音響の良いアップライトピアノの設置場所

アップライトピアノの音響

音響によって弾き心地が左右されることは意外に知られていないようです。特にアップライトピアノは厚い外装に覆われ、後方には壁があり、どうしてもグランドピアノに比べると音響的に不利となります。それでも設置場所によってはとても良い音響を得ることができます。ここでは音響のとても良い場所に設置された例をあげて参りますので、アップライトピアノを設置する際の参考になればと思います。


空間の確保とピアノの後方に部屋がある

天井高は一般的なのですが、ピアノの近くに2階への階段があり広い空間が確保され、ピアノ後方に部屋があって後ろ方向への音もうまく逃げて拡散されます。吹き抜けの家と同様の効果となります。


ピアノの後方に階段がある

一般的に、広いスペース&高い天井が理想的なのですが、このケースではピアノの後方に2階への階段があり、ピアノの音がうまく上方に逃げて拡散されて心地の良い響きと弾き心地になります。 吹き抜けの家と同様の効果となります。


ピアノ後方に階段&吹き抜け

ピアノの後方に2階への階段、加えて吹き抜け。素晴らしい音響と弾き心地。ピアノは小型ですが、それを全く感じさせません。


ピアノの後方に空間

ピアノが設置してある部屋はフローリングで比較的広めのリビング。そして後方には空間があります(和室)。後方への音はこの空間へ逃げてくれます。そして広めのリビングが良い残響を生み、良い音響&弾き心地となります。アップライトは後方に進む音をどう処理するかで音響と弾き心地が大きく変化します。


部屋の中心にピアノを設置

一般的な天井の高さとスペース&床は絨毯ということで音響的にはマイナスなのですが、部屋の中心にピアノを設置してピアノの後ろは軽めの家具。アップライトは後方に進む音をどう処理するかで音響と弾き心地ががらっと変化します。この設置方法は、ほとんどの音が後方の空間に逃げてくれて、あちこちに音が反射して時間を置いて間接音が耳に届きます。
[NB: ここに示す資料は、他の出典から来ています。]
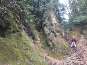 そんなわけで案内に従って本堂の裏手に出ると、なにやら急な斜面が…。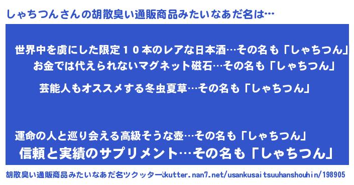| 男性向けラノベタイトル風あだ名 | 『Re:しゃちつんから始める異世界生活』 |

これにより音響と弾き心地は格段にアップします。


ピアノ後方の壁が薄いベニヤ板

薄いベニヤ板の奥は空間があり断熱材があります。この断熱材が吸音材の役目を果たします。不快な音域は、まず薄いベニヤ板を通過し断熱材が吸音します。そして、心地よい音域は吸音されずに反射して耳に戻ってきます。そのため、パーティクルボード、コンパネ、石膏ボードよりも良い音響と弾き心地が得られます。アップライトピアノは後方へ進む音を考慮すると良いと、上記で述べましたが、こういった方法もあります。


吹き抜け&フローリング

ピアノ後方は石膏ボードで音響的にはマイナス。でも、吹き抜け&フローリングはこのマイナスを全く感じさせません。やはり吹き抜けの家は理想的です。素晴らしい音響と弾き心地が得られます。


吹き抜け2階部分のホール

ピアノ後方は石膏ボードで音響的にはマイナス。でも、吹き抜け&フローリングはこのマイナスを全く感じさせません。やはり吹き抜けの家は理想的です。素晴らしい音響と弾き心地が得られます。